(Stored records)

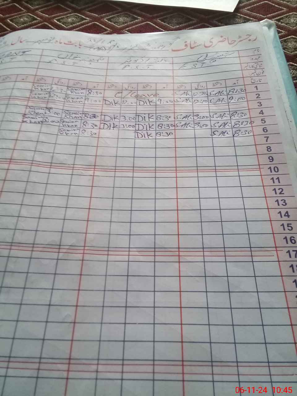 | CNIC | Full Name | Designation | R/C | Absence During Last Calender Month |
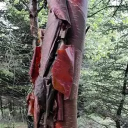 红桦(学名:Betula albosinensis Burk.)是桦木科 ,桦木属大乔木,高可达30米;树皮淡红褐色或紫红色,小枝紫红色,叶片卵形或卵状矩圆形,顶端渐尖,上面深绿色,下面淡绿色,雄花序圆柱形,无梗;苞鳞紫红色,果序圆柱形,序梗纤细,果苞中裂片矩圆形或披针形,侧裂片近圆形,小坚果卵形,膜质翅宽。
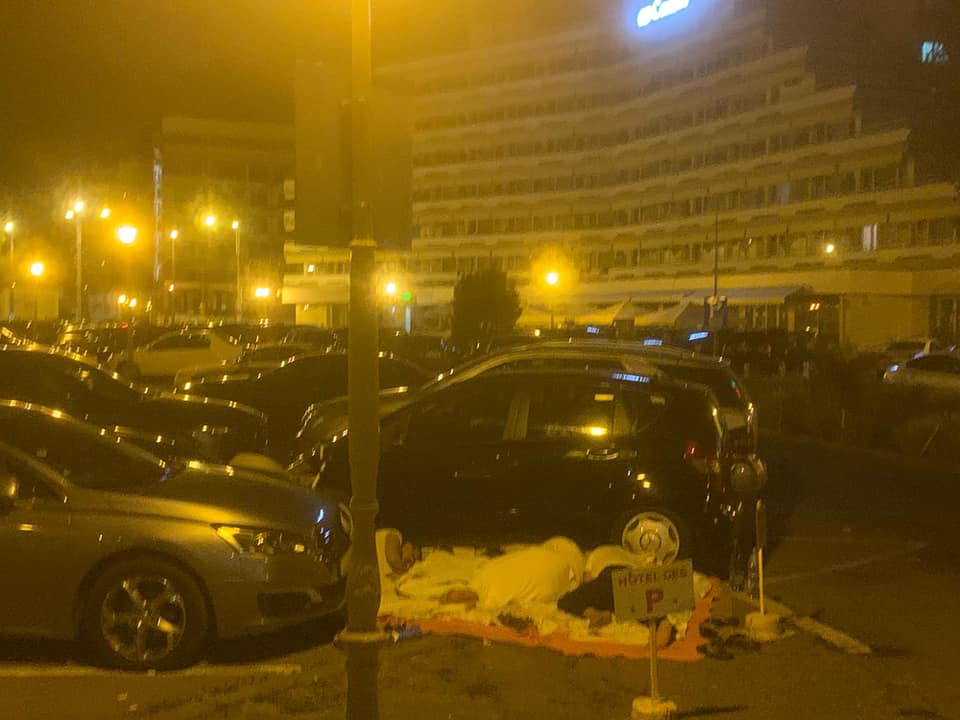 Însă, se pare, că o familie, doi adulți și un copil, nu a aflat acest lucru și odată ajunsă la mare nu a avut încotro decât să doarmă în parcarea hotelului. Și-au întins o pătură pe jos, s-au descălțat și s-au culcat.
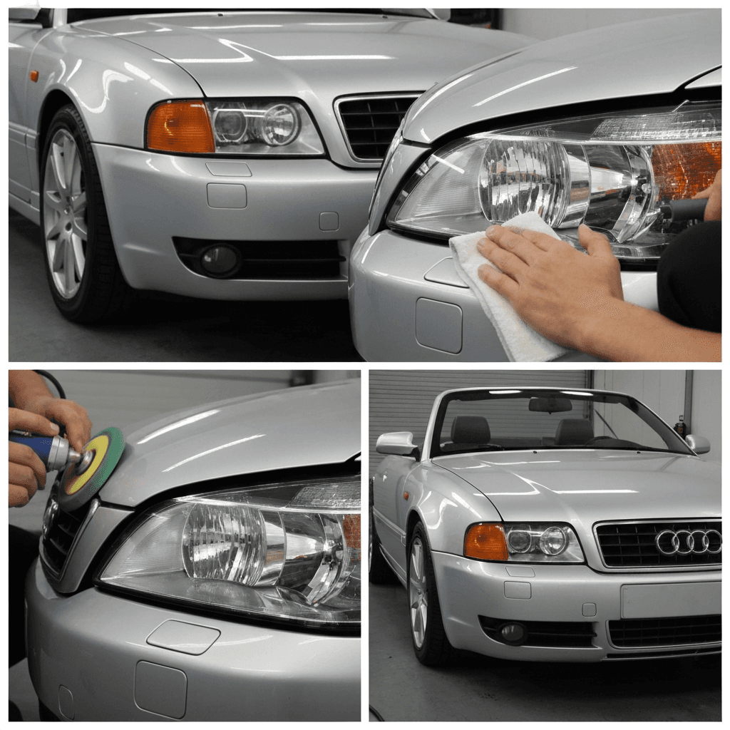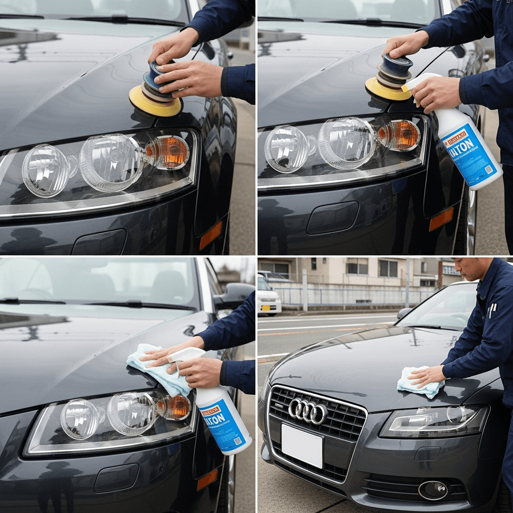 アウディカブリオレはヘッドライトの黄ばみとボディの鉄粉が第一印象を損ねます。研磨+鉄粉除去クリーナー+ワックスで輝きを取り戻せば「程度良好」と判断され+4~7万円の効果。
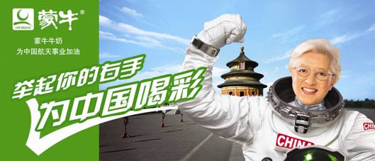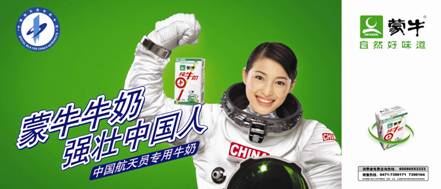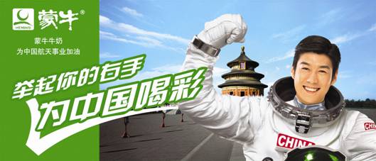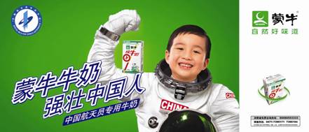 強(qiáng)化產(chǎn)品訊息——“蒙牛牛奶,中國(guó)航天員專用牛奶”,將中華民族的強(qiáng)壯和因牛奶使人體強(qiáng)壯聯(lián)系起來。中國(guó)加油,蒙牛牛奶永遠(yuǎn)支持中國(guó)航天事業(yè)!
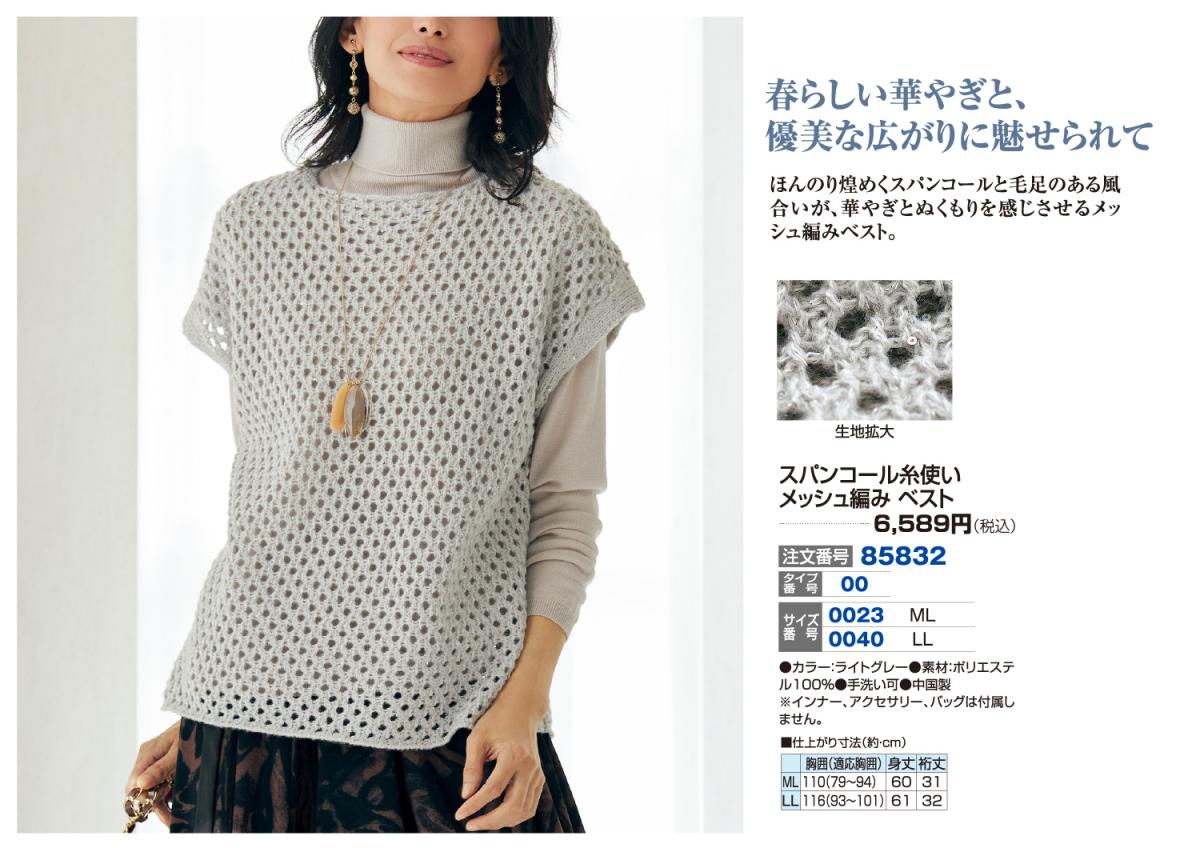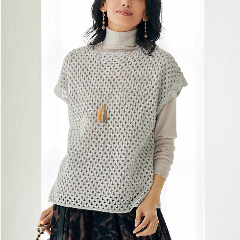 スパンコール糸使いメッシュ編みベスト
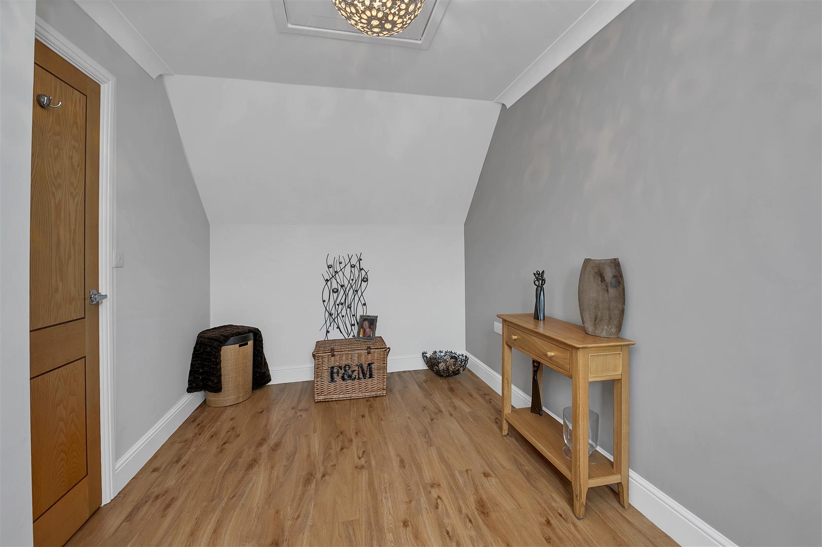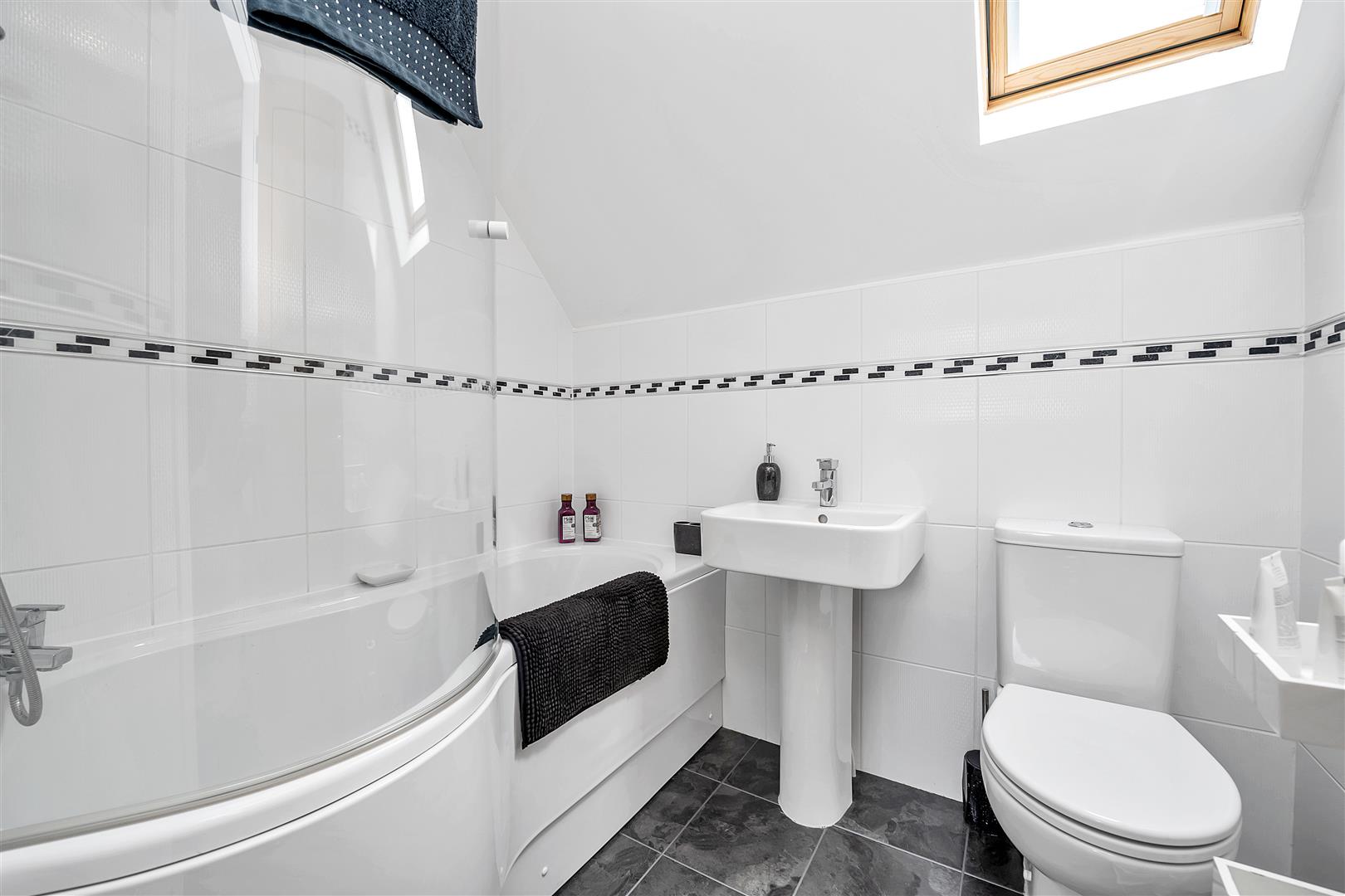 With suite comprising panel bath with shower attachment/mixer taps and glass screen, hand wash basin, low level WC, heated towel rail, part tiled walls, tiled flooring, Velux window.
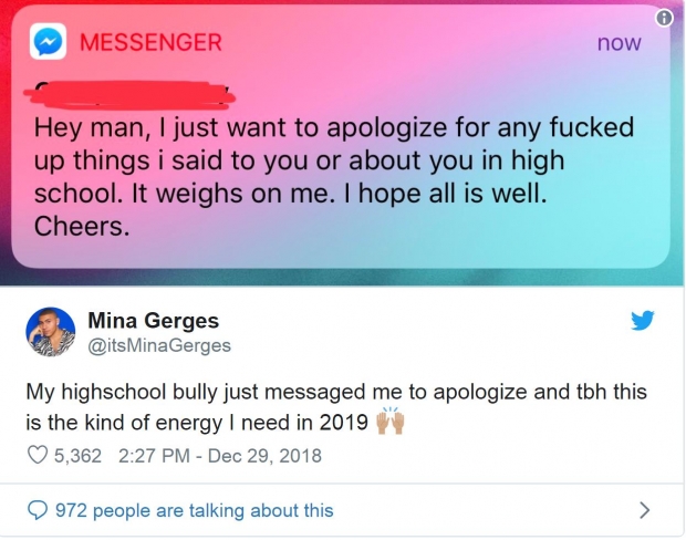 그는 이 같은 내용과 함께 트위터에 “고등학교 때 날 괴롭힌 학생이 사과하는 메시지를 보내왔다”면서 “2019년에는 이런 게 필요하다”고 말했다.

◆ **What you should do**:
Your answer must be an exact copy of the lines from the start of the entries through the line with "スパンコール糸使いメッシュ編みベスト", with no pictures.

◆ **Exercise output**:
 | CNIC | Full Name | Designation | R/C | Absence During Last Calender Month |
 红桦(学名:Betula albosinensis Burk.)是桦木科 ,桦木属大乔木,高可达30米;树皮淡红褐色或紫红色,小枝紫红色,叶片卵形或卵状矩圆形,顶端渐尖,上面深绿色,下面淡绿色,雄花序圆柱形,无梗;苞鳞紫红色,果序圆柱形,序梗纤细,果苞中裂片矩圆形或披针形,侧裂片近圆形,小坚果卵形,膜质翅宽。
 Însă, se pare, că o familie, doi adulți și un copil, nu a aflat acest lucru și odată ajunsă la mare nu a avut încotro decât să doarmă în parcarea hotelului. Și-au întins o pătură pe jos, s-au descălțat și s-au culcat.
 アウディカブリオレはヘッドライトの黄ばみとボディの鉄粉が第一印象を損ねます。研磨+鉄粉除去クリーナー+ワックスで輝きを取り戻せば「程度良好」と判断され+4~7万円の効果。
 強(qiáng)化產(chǎn)品訊息——“蒙牛牛奶,中國(guó)航天員專用牛奶”,將中華民族的強(qiáng)壯和因牛奶使人體強(qiáng)壯聯(lián)系起來。中國(guó)加油,蒙牛牛奶永遠(yuǎn)支持中國(guó)航天事業(yè)!
 スパンコール糸使いメッシュ編みベスト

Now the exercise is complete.